Sen. Lisa Murkowski, Alaska Republican, challenged the administration’s record at a subcommittee hearing Wednesday, citing Interior Department figures showing that oil production is down 14 percent on federal lands and 17 percent from federal waters.
The data bolster what Republicans have said repeatedly, that energy companies are relying on state and private lands to fuel the boom. The figures also appear to refute Interior Secretary Kenneth L. Salazar’s statement at a White House briefing Tuesday on the recent increase in gas prices.
“The fact of the matter is that we are producing more from public lands, both oil and gas, both onshore as well as offshore, than at any time in recent memory,” Mr. Salazar said at the briefing.
“I understand why the administration is working hard to try to explain what it claims is its record, but we have a problem here,” she said. “The administration’s own data is either wrong or this information has not been adequately communicated to the secretary.”

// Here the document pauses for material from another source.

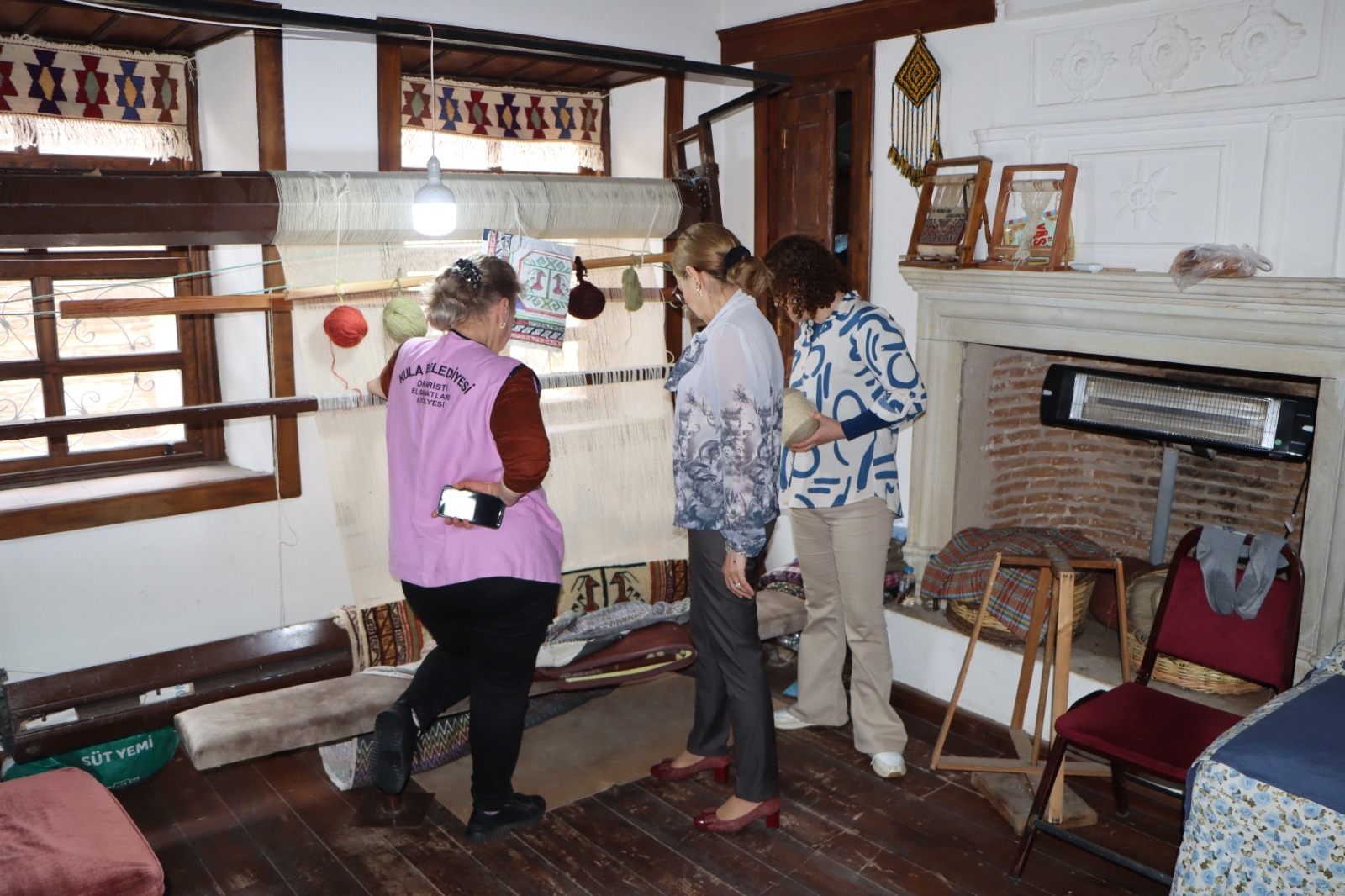 Kula Belediyesi tarafından hayata geçirilen, Dr. Aristi El Sanatları Atölyesi, Kestaneciler Konağı (Türk Evi) ve Hanım Eli Derneğinde yapılan çalışmalar hakkında Emine Tosun ve Belediye Kültür ve Sosyal İşler Müdürü Yeliz Ay Hırka’dan bilgi aldı.

Mr. Abbey acknowledged that “oil production from onshore federal minerals last year is down from previous years,” but added that federal agencies can do little to influence production once the leases are granted to private companies.
“I will say this, though, where industry decides to produce or to develop is up to them. For example, we have 7,000 applications for permits to drill that are not being drilled,” Mr. Abbey said. “We have over 25 million acres of lands we have leased that are not being developed.”
One reason often cited by administration officials is the fall of natural-gas prices, which has reduced the market incentives for industry to drill on its public leases. But Republicans say the administration has created a climate of uncertainty over access to public lands that has discouraged companies from investing in those leases.
They cite the Obama administration’s 2009 cancellation of the Utah energy leases, the Bureau of Land Management’s decision to overhaul its regional management plans, the proposed cutbacks in acreage available for oil-shale development, its opposition to drilling in the Arctic National Wildlife Refuge, proposed increases in mineral royalties, and the nixing of the Keystone XL pipeline.
“All the impetus is for locking away public lands at a time when we need them the most,” said Sean Paige, editor of Monkey-Wrenching America, a newly launched online publication sponsored by Americans for Prosperity. “There’s a correlation between access to public lands and the price you pay at the pump.”
The president has been promoting his energy stances as surveys show rising prices at the gas pump have eroded his approval rating. Last week, he reiterated his support for ending tax credits on energy development and attacked oil-company profits, though administration critics have asked how ending a subsidy for any product would lower its price or encourage that good’s production.
“We don’t need to subsidize oil companies when they’re doing this well,” Mr. Obama said.
The White House released its “Blueprint for a Secure Energy Future” progress report Monday, which found that energy production has increased every year since the president took office in 2009. The use of renewable energy such as wind and solar power has doubled since 2008, the report said.